Cultivating Warwick Arts Culture: How Does It Happen?
Melissa Shaw-Smith received the Orange County Arts Council Art Award for 2022 for expanding arts culture in Warwick. She explained her role.
Melissa Shaw-Smith, who recently received the Orange County Arts Council Art Award for 2022, became absorbed in community arts early and elsewhere. Having been steeped in arts culture in Ireland and Manhattan, she sought ways to sow it in Warwick. She grew up not far from Nobel-winning writer Samuel Beckett’s origins in Ireland, near Dublin. She and her siblings followed their parents around as they made television documentaries about craftspeople doing traditional work that was disappearing— weavers, thatched roof makers, saddlemakers, silversmiths, coopers and candlemakers, among others.

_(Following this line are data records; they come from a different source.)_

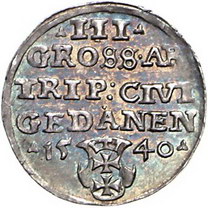 Los-Nummer: Auktion 51 - 3614 Ausländische Münzen und Medaillen Polen-Danzig Sigismund I. 1506-1548, 3 Gröscher 1540. Gumowski 573, Slg. Marienburg 8027, Kopicki 7334, Dutkowski / Suchanek 73. Prachtexemplar. Herrliche Patina. Vorzüglich - Stempelglanz Schätzpreis: 150,- Zuschlag: unverkauft |
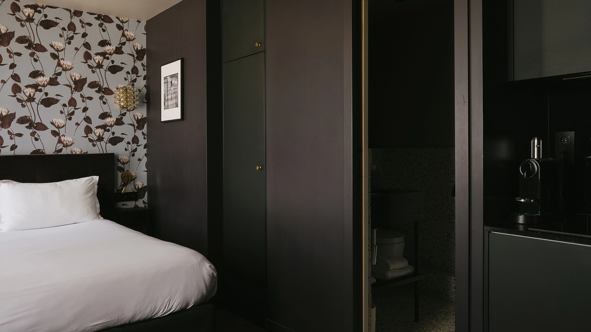 Facing the peaceful Impasse de la Vierge, this room is secluded and quiet. Thoughtfully furnished with subtle elegance, it includes a fully equipped kitchen for added independence, and a walk-in rain shower. A cozy space, perfect for feeling at home during a Parisian escape. The soft pink tones invite you to fully relax and unwind.
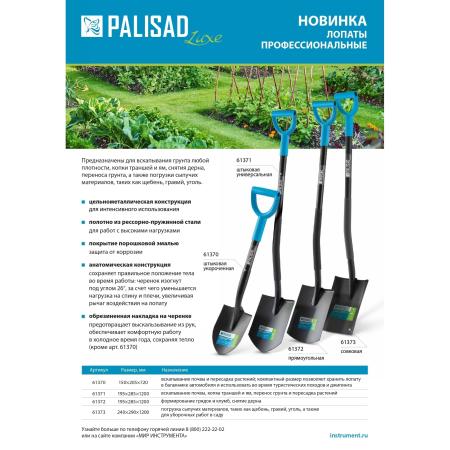 Лопата штыковая профессиональная, 195х285х1200 мм, цельнометаллическая, LUXE// Palisad

“My parents realized that the spinning wheel and butter churn they saw in use in parts of Ireland were fading out, ” said Shaw-Smith.
Her family, which also included her two sisters and brother, often camped near the filming locations. She recalled camping alongside sheep-shearing and sweater-making and collecting lichens growing on rocks to be used for dye.
“It was an introduction to creative life and craftsmanship,” said Shaw-Smith.
Growing up amid that activity, what was Shaw-Smith’s plan for herself?
“No plan,” she said. “I was accepted to Trinity College, and I wasn’t sure I’d go.”
She was accustomed to doing what her parents did—following their curiosity and interests and developing their skills accordingly rather than pursuing middle class career aspirations, she said.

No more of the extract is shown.